From all circuits I found, there are two, more or less close to what I intend to build winding my own coils. No toroids available for the moment.

My questions:

a) The double tuned bandpass filter in this design is symetric: the secondaries are connected to the antenna pot and to the pins 1 & 2 of the NE602.

How is this possible since I am designing for a yet unknown antenna (thus unknown impedance) while having 1500 Ohms at the input of the NE602?

b) The other design (page 11) connects the secondary to the antenna and the primary of L2 straigth to pins 1 & 2.

I calculated Xl (= Xc) = 333 Ohms. Is this reasonable to match the 1500 Ohms input of the NE602? What about the secondary of L1 respect to the antenna?

c) I believe I will end winding two similar tuned transformers adjusted with trimmers.

Understanding that the secondaries will show an impedance proportional to their number of turns vis a vis that of the primary, what values should I use to calculate my coils?

d) Could I use a tap to the primary instead of a secondary to adapt impedances?

e) Today, revising my initial calculations for the possible values of L and C I found myself in doubt: in an LC tank at resonance, reactances are XC = XL, say 330 Ohms each.

What impedance should I actually measure? Provided that they cancel each other, only actual R is left. Am I right?
 
First of all, the DC receivers will work reasonably well, BUT with very little extra complexity, you can build a far better receiver with the 602/612.
It won't be long before you want to improve on it!!!

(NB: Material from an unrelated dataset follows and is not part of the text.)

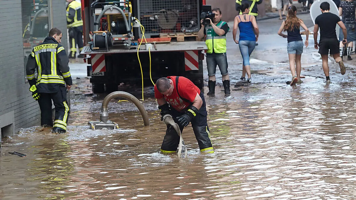 Starker Regen und Gewitter haben eine Kleinstadt in Rheinland-Pfalz überflutet. Im niedersächsischen Scheeßel musste das "Hurricane"-Festival unterbrochen werden.

You need to treat the filter and the matching of the antenna as two separate things. The filter will work best with both ends matched (within reason), so a matching unit will be used to match the antenna to the front end of the filter.

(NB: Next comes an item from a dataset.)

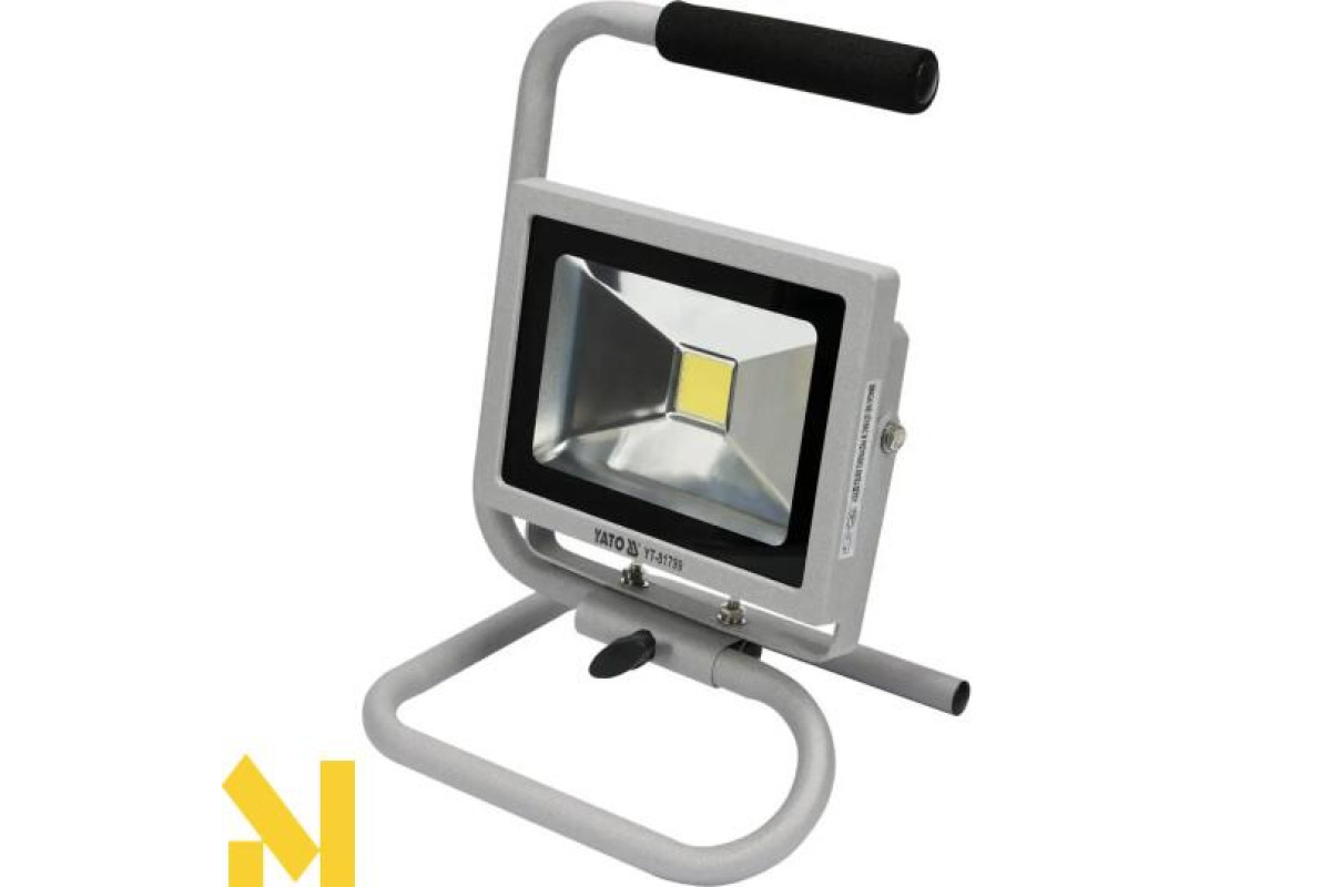 Стійка рама забезпечує безпечне використання, а контурна ручка дозволяє зручно переносити прожектор.

Of course, the trimmers in the filter will help.

But then both circuits use a pot as an RF attenuator!

I found using toroids on 14 MHZ the bandpass filter was too narrow, and had to be re-tuned between the bottom and top of the band, so I replaced the toroids with the little inductors that look like 1/4 watt resistors, and the bandwidth was wide enough to cover the 350kcs.

The other design page 11 effectively doesn't really connect the filter direct to pins 1 and 2, it connects it to pins 1 and ground, as pin 2 is bypassed to ground with the 4n7 capacitor.

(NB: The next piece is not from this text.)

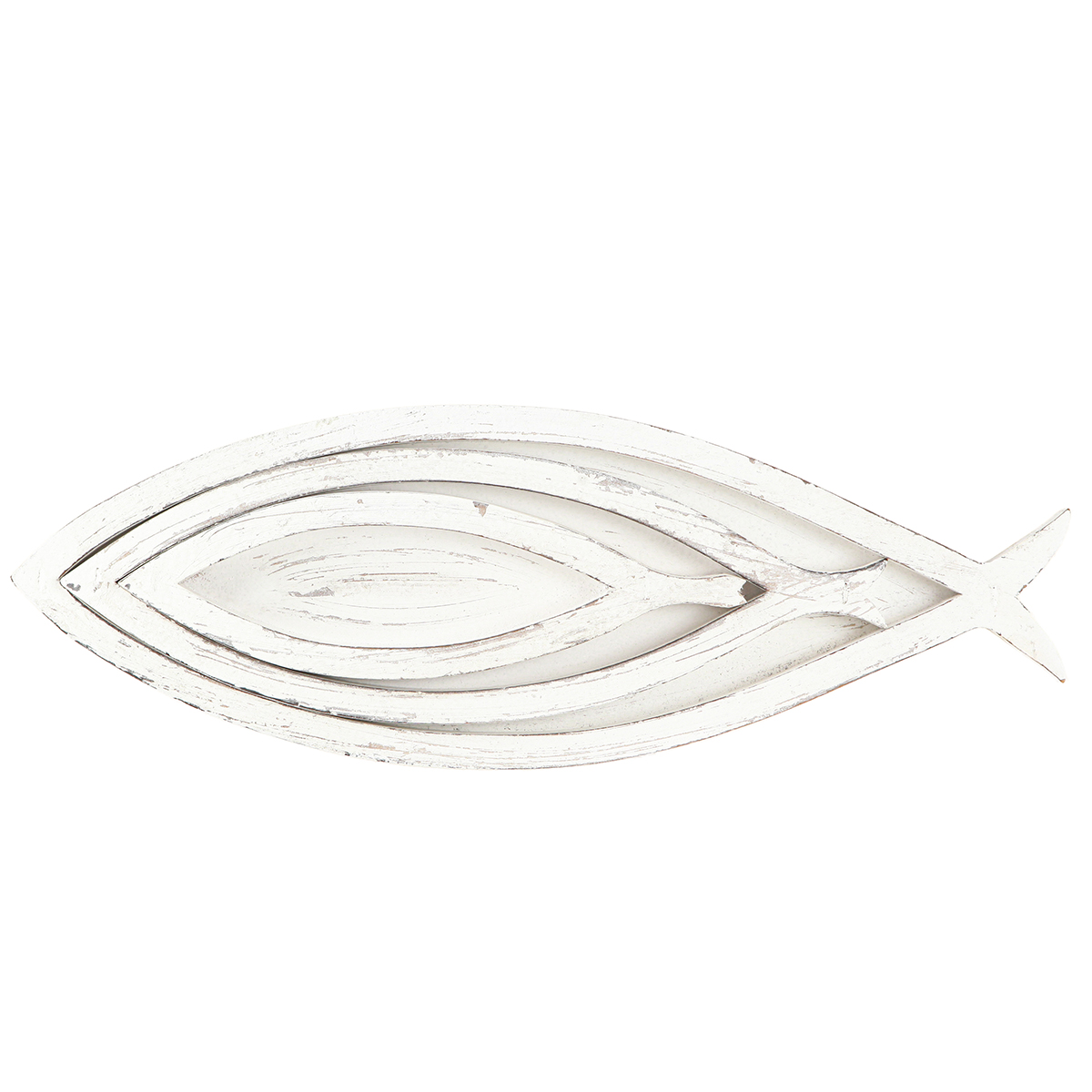 Dekoračný podnos Drevo Ryba Biely Prírodný L30/40/50cm Súprava 3 ks

What do you intend using it for? (SSB, broadcast etc)
 
First of all, the DC receivers will work reasonably well, BUT with very little extra complexity, you can build a far better receiver with the 602/612.
It won't be long before you want to improve on it!!!

PLease, I used quite good equipment for years so I know what is good. I just want to build this myself.

You need to treat the filter and the matching of the antenna as two separate things. The filter will work best with both ends matched (within reason), so a matching unit will be used to match the antenna to the front end of the filter. Of course, the trimmers in the filter will help.

Have the idea that the maching stages are acting, per se, as filters. They are tuned.

But then both circuits use a pot as an RF attenuator!

So? Is that good, bad or nonsense? Many other circuits around there use them. Is that "matching"?

What do you intend using it for? (SSB, broadcast etc)
Time signals. Around 10 MHz as I said.

Please note that I am asking what values to have into account for calculating.

From all my ignorance, I understand that I need to adapt the eventual 50 or 75 or 300 Ohms of an unknow (yet) antenna to those 1500 Ohms of the input at pins 1&2.
 
Looking at the datasheet for the NE602 (OK SA602 on this sheet):
https://www.electro-tech-online.com/custompdfs/2013/02/SA602A.pdf
I dont think that the "matching" is critical for the antenna input circuit.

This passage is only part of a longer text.